Nature, adorning the lady who must,
by her gentleness, compel the most rebellious,
bestowed on her the loveliest of beauties
which it had kept in reserve for a thousand years.
All that Love jealously retained
of beauty, of chastity and nobility under his wings
honeyed the immortal graces
of her lovely eye which stirred the gods.
She had just then descended from heaven
When I saw her, when my stricken soul
became mad for her, and with such a wounding blow
cruel Fate engraved her in my soul
that, alive or dead, no other lady's
portrait will ever be imprinted on my heart.

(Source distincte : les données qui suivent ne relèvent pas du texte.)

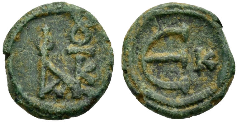 Eine bis dahin noch nicht gekannte Machtfülle einer römischen Kaiserin zeigen Münzen, die unter Iustinos II in den Jahren 560er und -70er Jahren geprägt wurden. Auf dem kupfernen Kleingeld war er gemeinsam mit seiner Ehefrau Gemahlin Sophia abgegbildet, die neben ihm auf gleicher Höhe saß und die selben Insignien wie er trug. Auf der Münze des Monats Mai geht die Symbiose noch weiter: Auf den Pentanummi-Stücken werden die Namen der Kaiserin und des Κaisers in einem Blockmonogramm verschmolzen. Wenn man die einzelnen Buchstaben liest, dann kommt man auf IVCTINOV KAI COΦIAC (»des Iustinos und der Sophia«). Das kaiserliche Ehepaar tritt als Einheit auf.
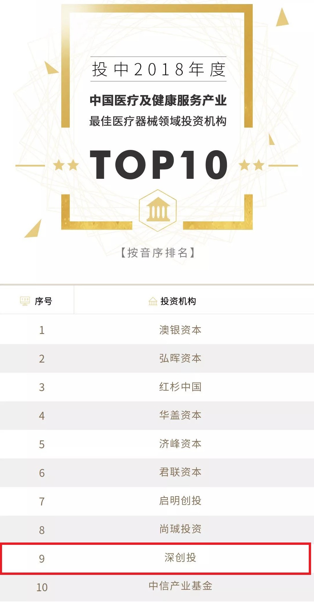 “2018年度中国医疗及健康服务产业最佳医疗器械领域投资机构TOP10”
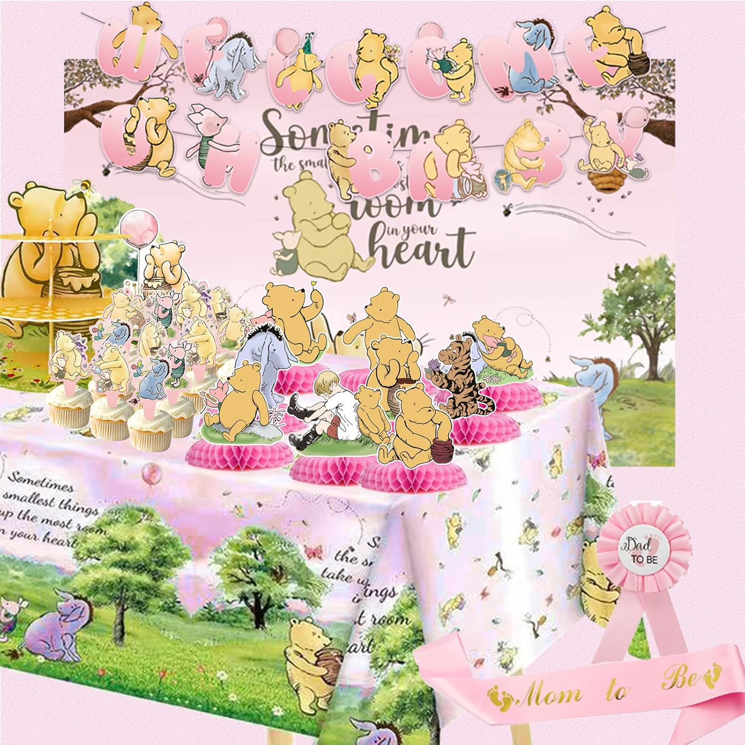 - All-in-1 Vintage Winnie Party Supplies Decorations Kit: 2 pcs OH baby welcome banner, 1pcs backdrop, 1pcs 3 Tier Winnie Dessert Holder,1pcs Winnie tablecloth, 1pcs"Mommy to Bee" Sash,1pcs"Daddy to Bee"Tinplate Badge,1pcs Winnie cake topper and 12 pcs Winnie cupcake toppers,9Pcs Winnie Honeycomb Centerpieces.Winnie baby shower decorations set can enrich the decoration of your baby shower party and add attractiveness to the party.
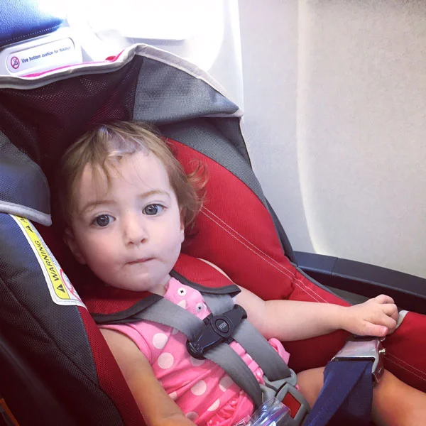 - Having your child in the car seat has an added bonus of safety, a familiar and comfortable place for them to settle in, and barriers from the grime of the plane.
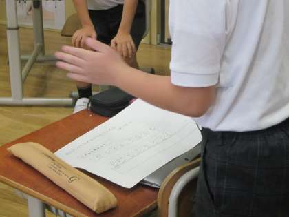 前の時間に自分で考えたリズムを、今日はグループでつなげて実際に披露しました。
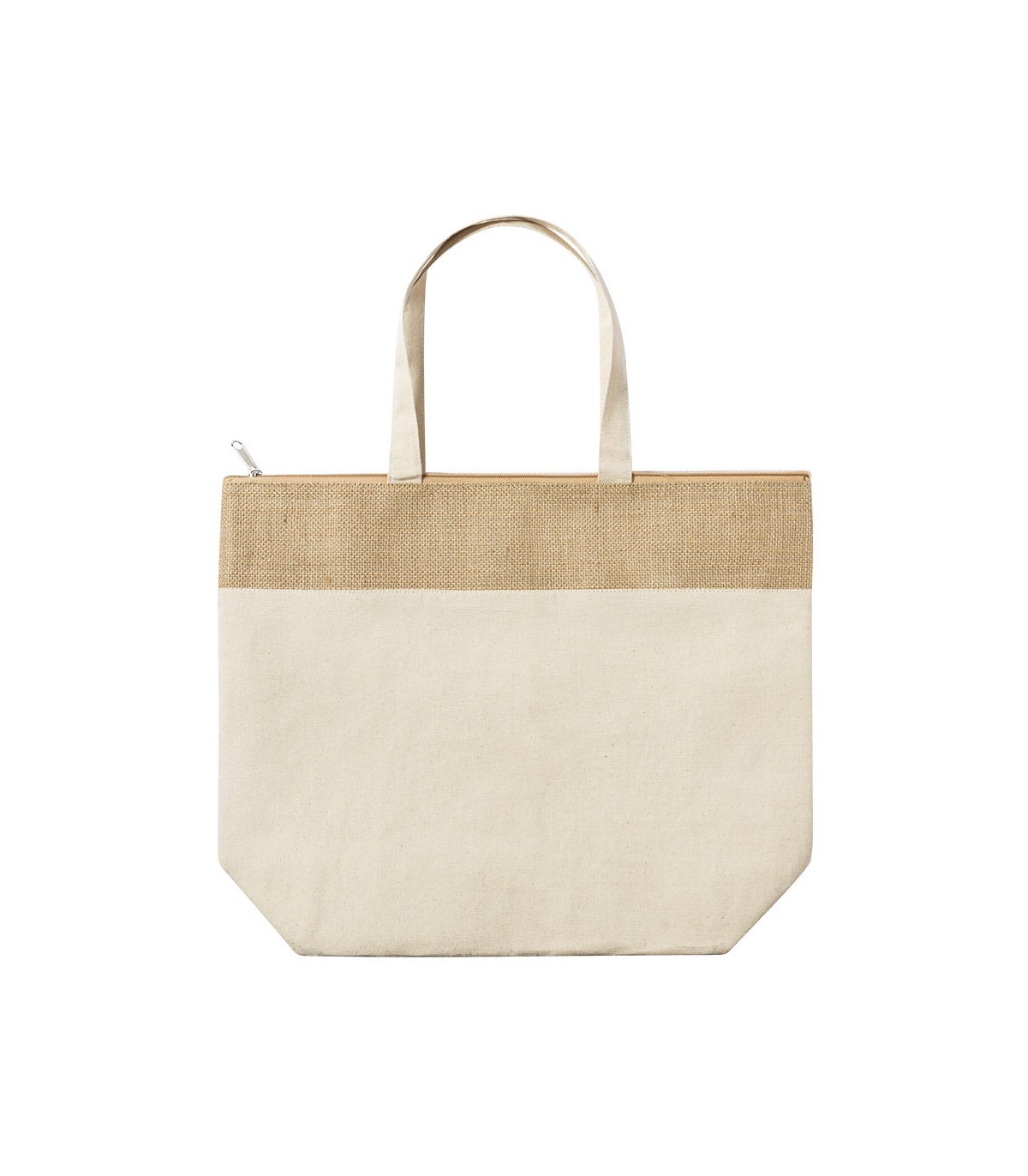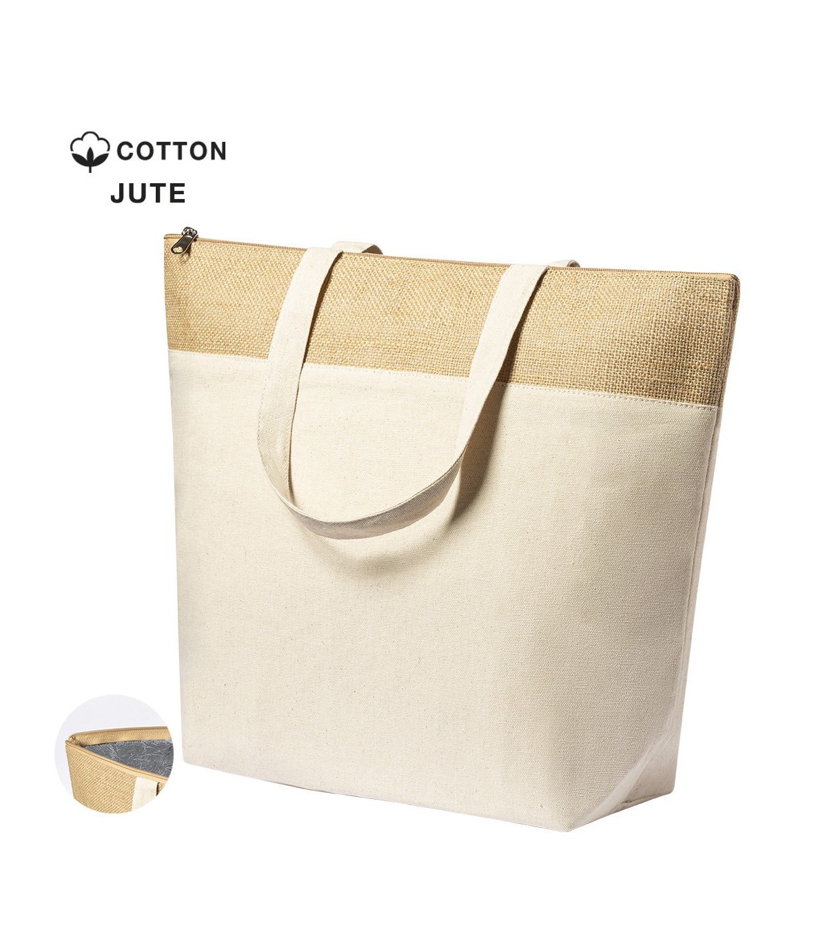 Bolsas térmica de 100% algodón de 225g/m², con parte superior en yute laminado y asas de algodón. Compartimento principal con cierre de cremallera y tirador metálico, con interior isotermo de aluminio.
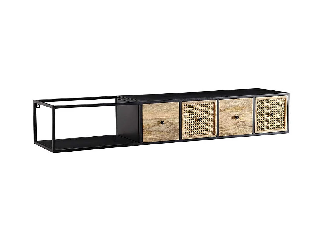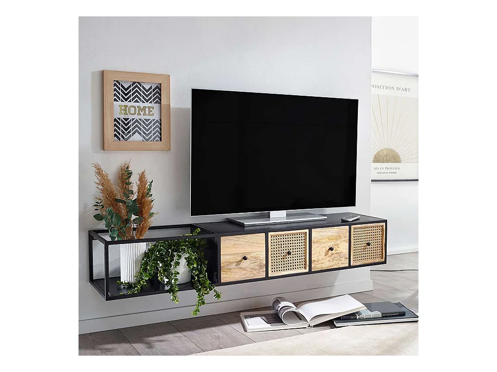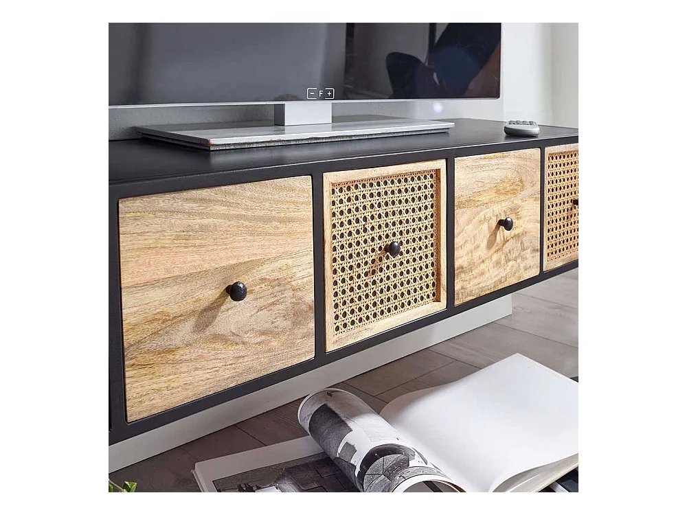 TV Hängeboard 150 cm breit vier Schubladen Rattan Geflecht

Avant le temps tes tempes fleuriront,
De peu de jours ta fin sera bornée,
Avant ton soir se clorra ta journée,
Trahis d'espoir tes pensers périront.
Sans me fléchir tes écrits flétriront,
Dans ton désastre ira ma destinée,
Ta mort sera pour m'amour terminée,
De tes soupirs nos neveux seriront.
Tu sera fait d'un vulgaire la fable,
Tu bâtiras sur l'incertain du Sable
Et vainement tu peindras dans les cieux.
Ainsi disait la nymphe qui m'afolle,
Lorsque le ciel, témoin de sa parolle,
d'un dextre éclair fut présage à mes yeux.

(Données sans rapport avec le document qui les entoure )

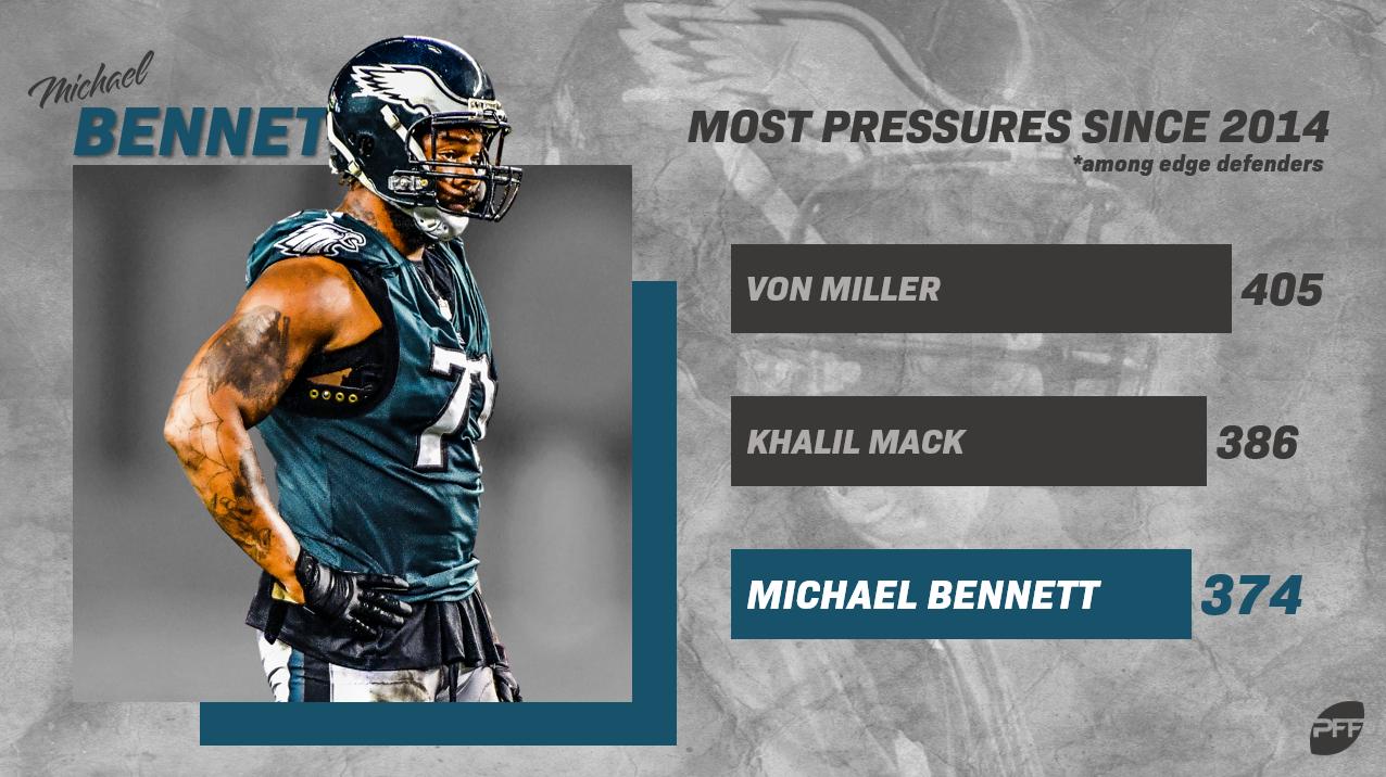 And this should come as no surprise. Bennett is one of only five players at the position who has tallied at least 40 pressures in each of the last seven seasons, and he has recorded at least two quarterback pressures in 117 of his 146 career games. Since 2014, only Khalil Mack and Von Miller have produced more quarterback pressures than Michael Bennett's 374.
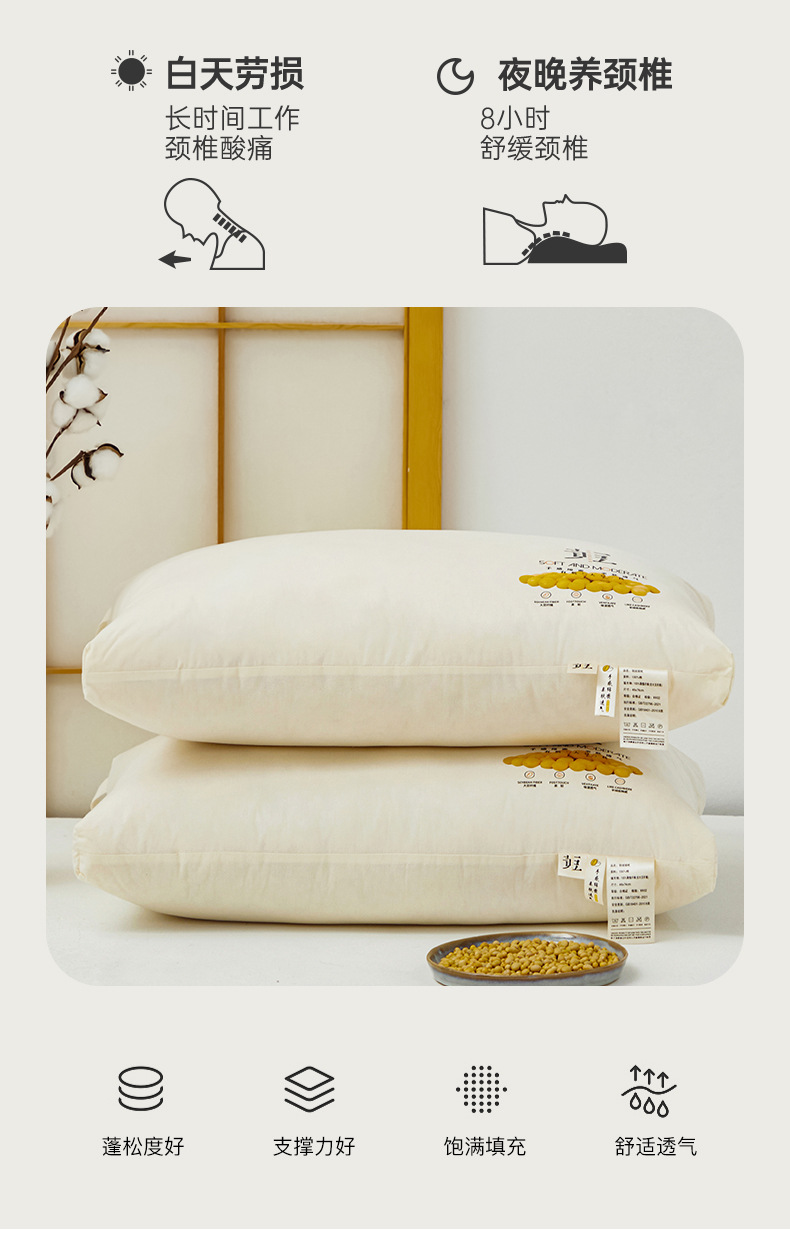 2025 새로운 클래스 A 면 콩 섬유 콩 베개 순수 면 콩 베개 코어 베개 수면 침구 4
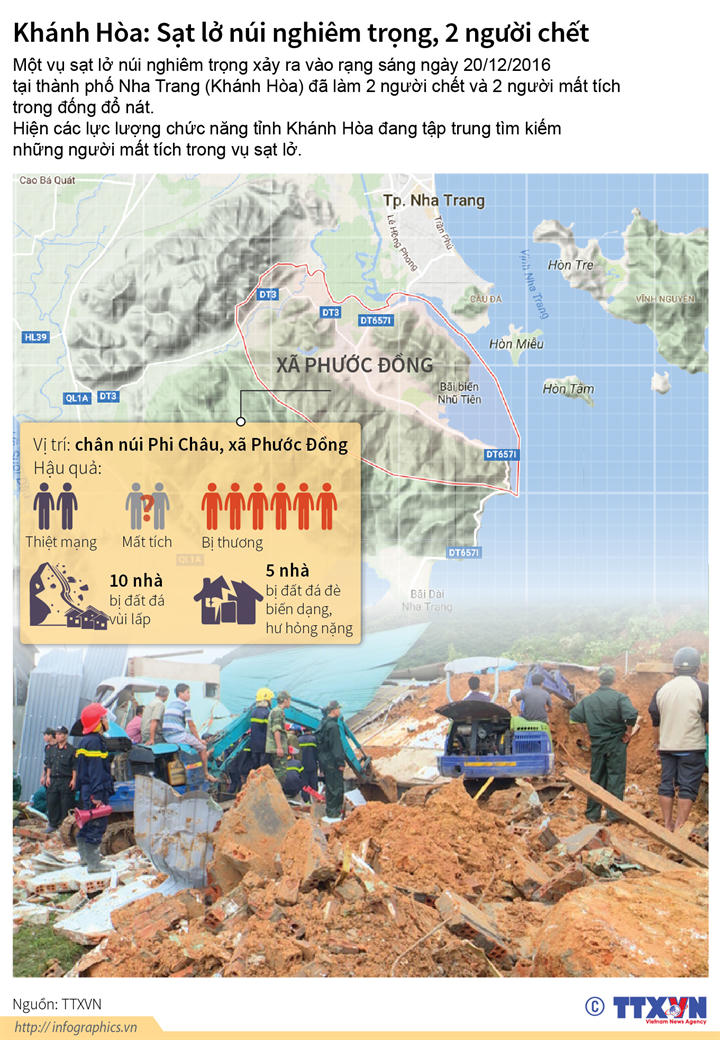 (PLO) - Một vụ sạt lở núi nghiêm trọng xảy ra vào rạng sáng ngày 20/12/2016 tại thành phố Nha Trang (Khánh Hòa) đã làm 2 người chết và 2 người mất tích trong đống đổ nát. Hiện các lực lượng chức năng tỉnh Khánh Hòa đang tập trung tìm kiếm những người mất tích trong vụ sạt lở.

Before their time your temples will be gray,
to mere days your end is brought,
Before your eve your day will close,
betrayed by hope, your thoughts will perish.
Without touching me, your writings wither,
in your disaster lies my destiny,
your death will be the end of my love,
at your sighs our descendants will laugh.

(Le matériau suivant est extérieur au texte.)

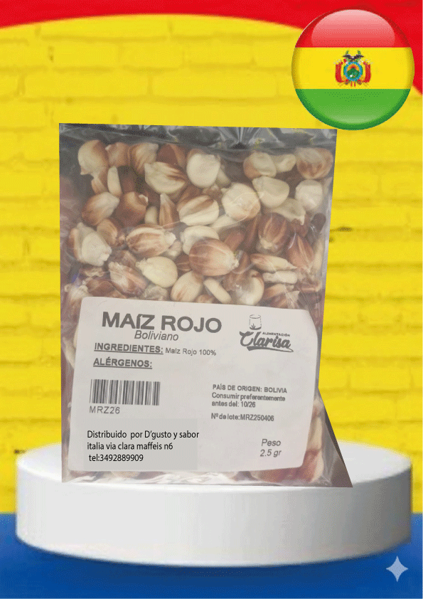 Il Maíz Rojo è una varietà di mais molto apprezzata nella cucina latinoamericana e andina per il suo colore intenso, il gusto caratteristico e la sua versatilità in cucina. Utilizzato da generazioni nelle ricette tradizionali, è un ingrediente fondamentale per preparazioni autentiche e nutrienti.
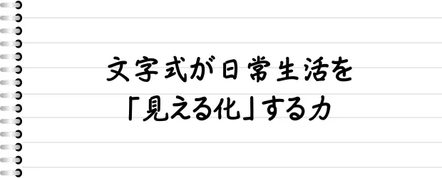 つまり、文字式を使って日常の出来事を見える化する力を身につけることが、第一歩です。
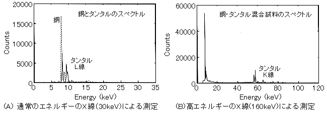 ¿Þ1¡¡·Ö¸÷XÀþ¥¹¥Ú¥¯¥È¥ë¤ÎÎã¡£¡¡È¾Æ³Âθ¡½Ð´ï¤òÍѤ¤¤Æ»À²½Æ¼¡¦¶â°¥¿¥ó¥¿¥ëº®¹çÊ´Ëö¤«¤é¤Î·Ö¸÷XÀþ¥¹¥Ú¥¯¥È¥ë¤ò¬Äꤷ¤¿¡£´ÉÅ۵¤ò30kV¤Ë¤·¤¿¾ì¹ç(A:Ä̾ï¤Î¥¨¥Í¥ë¥®¡¼°è¤ÎXÀþÍøÍѤˤè¤ë¥¿¥ó¥¿¥ëLÀþʬÀÏ)¤ª¤è¤Ó160kV¤Ë¤·¤¿¾ì¹ç(B:¹â¥¨¥Í¥ë¥®¡¼XÀþÍøÍѤˤè¤ë¥¿¥ó¥¿¥ëKÀþʬÀÏ)¡£¡Ê¸¶ÏÀʸ2¤è¤ê°úÍÑ¡Ë
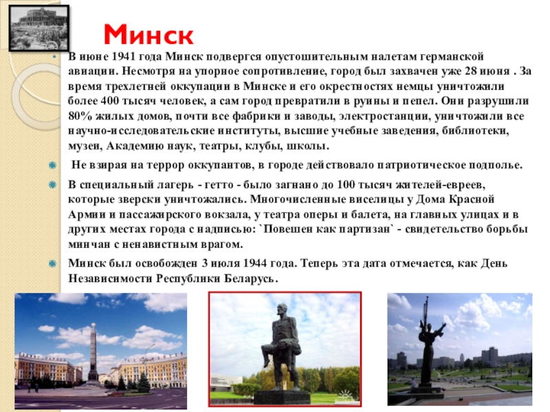 на упорное сопротивление, город был захвачен уже 28 июня . За время трехлетней оккупации в Минске и его окрестностях немцы уничтожили более 400 тысяч человек, а сам город превратили в руины и пепел. Они разрушили 80% жилых домов, почти все фабрики и заводы, электростанции, уничтожили все научно-исследовательские институты, высшие учебные заведения, библиотеки, музеи, Академию наук, театры, клубы, школы.

You will become a tale of common-folk,
you will build upon the instability of sand,
and vainly you will paint the skies.
Thus spoke the nymph who drives me insane,
while the heavens, witness to her words,
with a rapid flash bore omen to my eyes.

Quand je te vois, seule, assise, à part toi,
Toute amusée avecque ta pensée,
La tête, un peu, encontre bas baissée,
Te retirant du vulgaire et de moi,
Je veux souvent, pour rompre ton émoi,
Te saluer, main ma voix offensée
De trop de peur se retient amassée
Dedans ma bouche, et me laisse tout coi.
Souffrir ne puis les rayons de ta vue,
Craintive au corps mon âme tremble émue,
Langue ni voix ne font leur action.
Seuls mes soupirs, seul mon triste visage
Parlent pour moi, et telle passion
De mon amour, donne assez témoignage.

When I see you, alone, seated, by yourself,
completely amused with your thoughts,
your head tilted and bent low,
withdrawing yourself from the crowd and from me,
I often wish, to break your mood,
to greet you, but my voice, assailed
by too much fear, is dammed up
within my mouth, and leaves me mute.
I cannot endure the radiance of your glance,
fearful, my soul trembles timidly in my body,
neither tongue or voice performs its office.
Only my sighs, only my sorrowful face
speak for me, and such passion
may give sufficient witness to my love.